It was then that he suggested we all nibble ears. A nibble circle.
phil was outside the bar last night, sitting on the ground playing songs on a guitar hero guitar to people walking by for money...best version of free bird ever
Ur keys r in ur purse. ur purse is on the couch. ur cigs r on ur front seat. u drank all ur wine. mollie took ur jkt bc u cockblocked her. and in case anyone asks, the saints won 31-17.
Woke up naked in another mans house. If that keeps happening, then I probably need to go gay. You know to make it ok.
Restaurants Roasting People Who Gave Them Negative Yelp Reviews (25 Pics)
We really need to stop competing to see who can get more drunk, and I REALLY need to stop winning.

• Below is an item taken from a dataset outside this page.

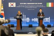 뉴스펀치 김용희 기자 | 이재명 대통령은 19일 조르자 멜로니 이탈리아 총리와의 정상회담 뒤 "저와 멜로니 총리는 전략적 동반자 명칭에 부합하는 미래지향적 수준으로 양국 관계를 더욱 발전시켜 나가기로 합의했다"고 밝혔다. 이 대통령은 이날 청와대에서 멜로니 총리와의 정상회담 후 '공동 언론 발표'에서 이같이 말했다. 이 대통령은 "교역 분야 협력은 양국 경제규모와 브랜드 파워에 걸맞은 수준으로 더욱 확대하기로 했다"며 "이를 위해 양국 기업이 참여하는 한-이탈리아 비즈니스 포럼을 새 기회 창출의 장이자 기업 애로 상담 창구로 활성화하는 데 뜻을 모았다"고 밝혔다. 이어 "특히 중소기업 생태계가 잘 발달한 이탈리아의 강점을 바탕으로 중기 육성과 지원에 관한 협력도 함께 추진해 나갈 것"이라고 말했다. 이 대통령은 또 "국가 미래가 달린 과학분야 협력이 더욱 확대될 것"이라며 "기초응용분야 공동연구지원을 통해 역량 있는 연구자를 지속 발굴하고 인공지능, 우주항공 같은 첨단산업으로 협력의 지평을 더욱 넓혀가겠다"고 밝혔다. 이어 "방산 분야에서도 서로 강점에 기초해 상호 보완적 협력을 이뤄내

We talk about tequila and blow jobs the way that normal people talk about the news and the weather.
he does have a point though, watching you drink makes me never want to drink again
I heard liver failure is in for 2012 anyways
The moment you realize you should grow up: you're snorting your fathers percocet script with your old health insurance card, while your parents are on a 10 day cruise in the carribean...
Woman Posts Harassing DMs From Creep Online, Now He’s Upset Because People Told His Mom
FULL ON LADY WOOD. YOU CAN SEE THE VEIN
Mitt romney looks like a fantastic lover (full disclorsure: im 76% vodka right now)
Someone got day drunk, but I'm not saying who.
It was me.
you regret 100% of the tequila shots you do take. thats what gretzky meant to say
The first thing I did in 2015 was suck a dick.....so.....
Timehop reminded me that 4 years ago today I helped a one armed man do the YMCA by being his other arm.